[Data to process Boundary: Start]

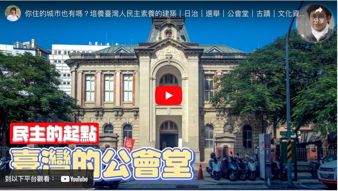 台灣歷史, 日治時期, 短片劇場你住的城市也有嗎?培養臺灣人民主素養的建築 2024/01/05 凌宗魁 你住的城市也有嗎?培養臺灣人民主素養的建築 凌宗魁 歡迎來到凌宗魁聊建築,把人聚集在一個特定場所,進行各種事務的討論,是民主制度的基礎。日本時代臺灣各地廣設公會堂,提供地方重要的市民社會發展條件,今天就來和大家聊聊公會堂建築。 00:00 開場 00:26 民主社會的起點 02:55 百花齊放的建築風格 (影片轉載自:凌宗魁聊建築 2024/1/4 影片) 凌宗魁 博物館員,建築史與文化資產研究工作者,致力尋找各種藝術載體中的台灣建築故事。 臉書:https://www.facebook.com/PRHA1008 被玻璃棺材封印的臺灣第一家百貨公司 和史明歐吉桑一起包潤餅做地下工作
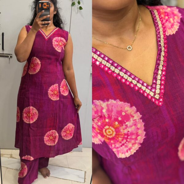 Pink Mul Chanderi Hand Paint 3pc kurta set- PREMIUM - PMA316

[Data to process Boundary: End]
[Data to process Boundary: Start]

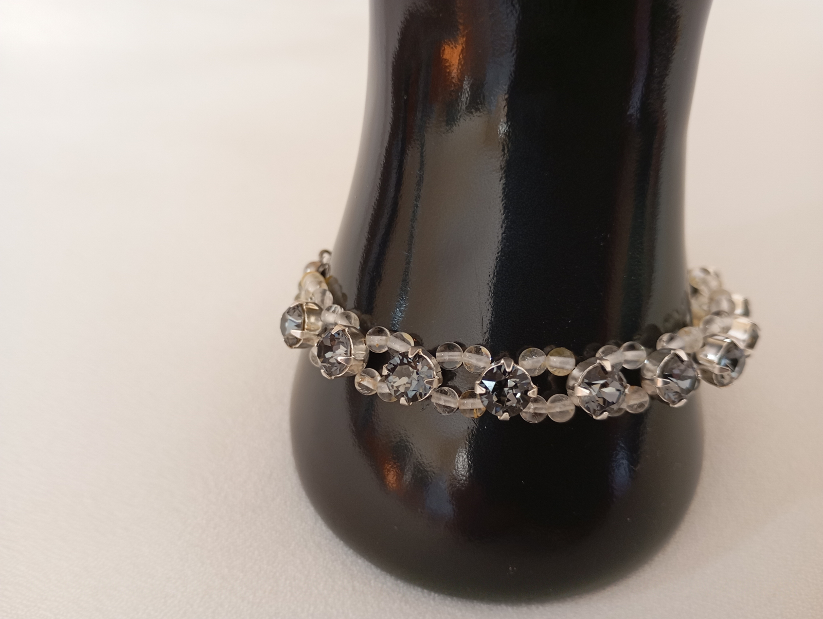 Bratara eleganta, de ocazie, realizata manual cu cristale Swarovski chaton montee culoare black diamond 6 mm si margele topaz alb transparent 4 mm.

[Data to process Boundary: End]

Work order:
With the pictures removed from your copy, retype the lines above from the one that contains "台灣歷史, 日治時期, 短片劇場你住的城市也有嗎?培養臺灣人民主素養的建築" through the one that contains "Pink Mul Chanderi", exactly.

Solved problem:
 台灣歷史, 日治時期, 短片劇場你住的城市也有嗎?培養臺灣人民主素養的建築 2024/01/05 凌宗魁 你住的城市也有嗎?培養臺灣人民主素養的建築 凌宗魁 歡迎來到凌宗魁聊建築,把人聚集在一個特定場所,進行各種事務的討論,是民主制度的基礎。日本時代臺灣各地廣設公會堂,提供地方重要的市民社會發展條件,今天就來和大家聊聊公會堂建築。 00:00 開場 00:26 民主社會的起點 02:55 百花齊放的建築風格 (影片轉載自:凌宗魁聊建築 2024/1/4 影片) 凌宗魁 博物館員,建築史與文化資產研究工作者,致力尋找各種藝術載體中的台灣建築故事。 臉書:https://www.facebook.com/PRHA1008 被玻璃棺材封印的臺灣第一家百貨公司 和史明歐吉桑一起包潤餅做地下工作
 Pink Mul Chanderi Hand Paint 3pc kurta set- PREMIUM - PMA316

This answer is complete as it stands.